EMPs are one of those things that many people think is fake, or over-blown, or a conspiracy theorist’s dream. But they are real. EMPs can be either natural, from things like extreme solar geomagnetic disturbances, or man-made like a large thermonuclear detonation or a cyberattack. If they are coordinated with physical attacks then things can get real dicey real fast.

As the U.S. Commission to Assess the Threat to the United States from EMP Attack points out, “the physical and social fabric of the United States is sustained by a system of systems – a complex and dynamic network of interlocking and interdependent infrastructures whose harmonious functioning enables the myriad actions, transactions, and information flow that undergird the orderly conduct of civil society.”

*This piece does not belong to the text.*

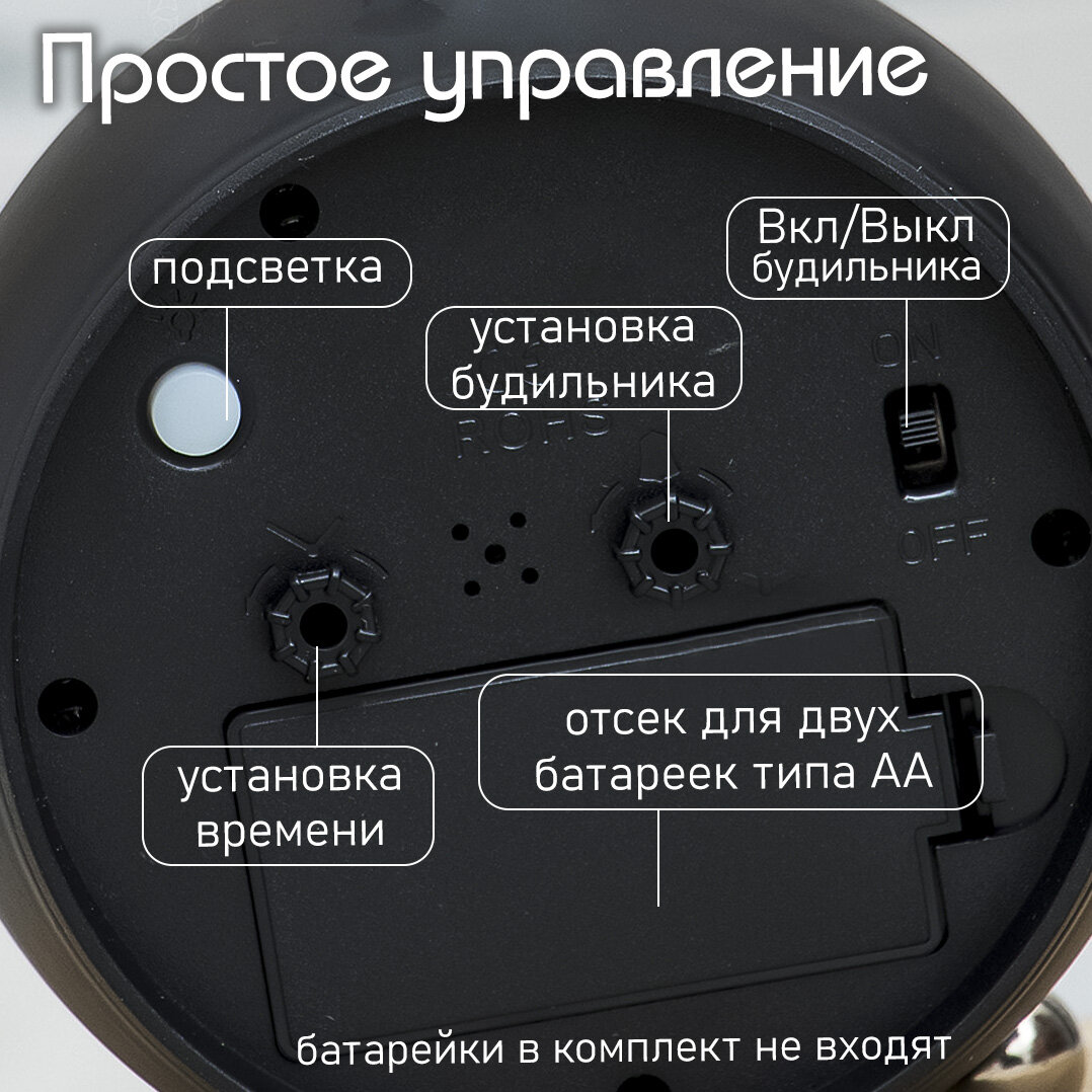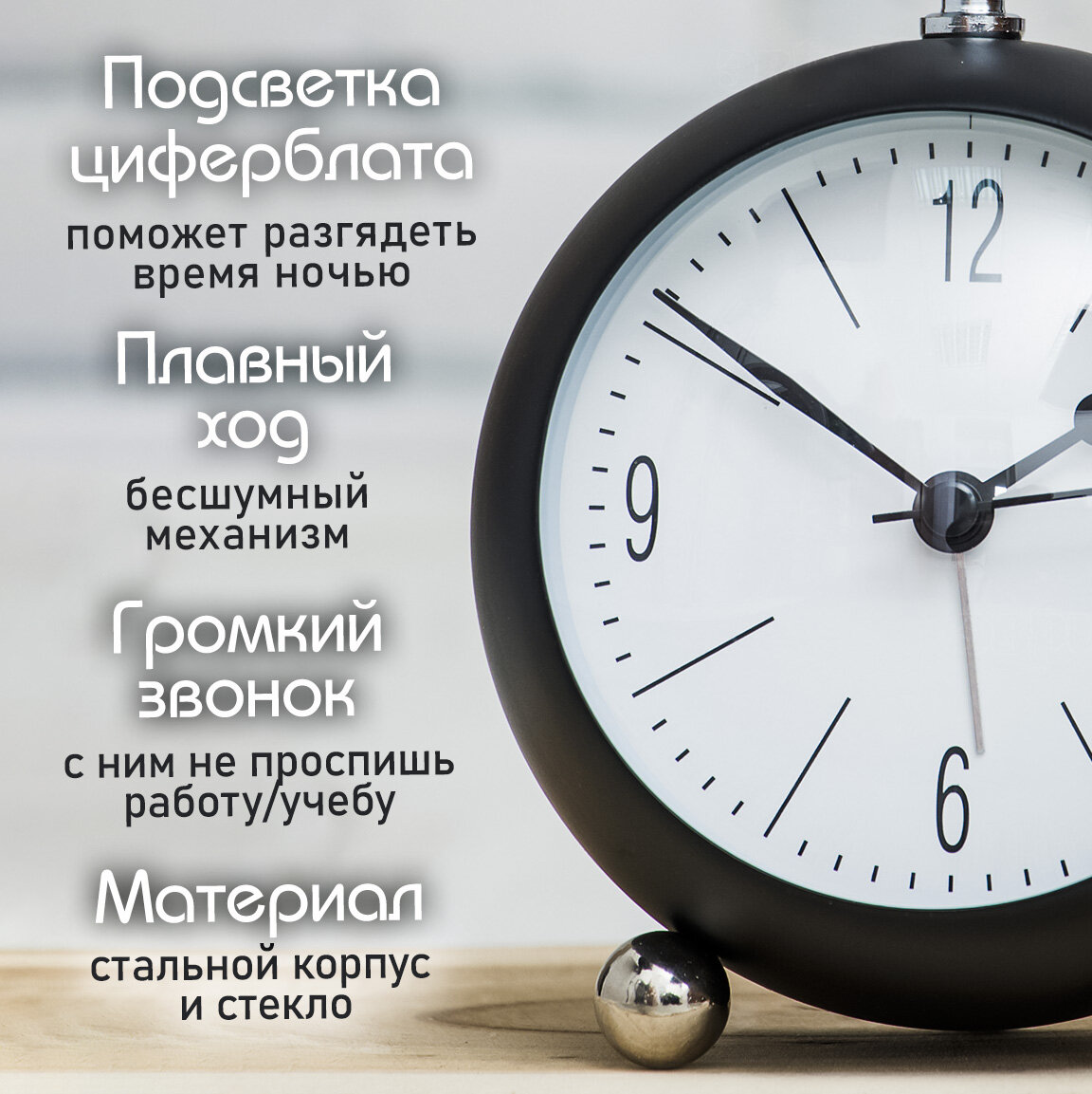 Купить Часы будильник металл Кругляш черные классические настольные подарок женщине на 8 марта, мужчине на 23 февраля, ребенку

According to the Commission, EMP effects represent arguably the largest-scale common-cause failure events that could affect our electric power grid and undermine our society, leaving it vulnerable on many fronts. High-voltage control cables and large transformers that control the grid are particularly vulnerable. Transformers weigh 400 tons, take two years to build, and cost $7 million apiece. We are already way behind in having backup transformers ready, so if many go out at once, we have a big problem powering our country.

So can we do anything about it?

The phenomenon of a large electromagnetic pulse is not new. The first human-caused EMP occurred in 1962 when the 1.4 megaton Starfish Prime thermonuclear weapon detonated 400 km above the Pacific Ocean.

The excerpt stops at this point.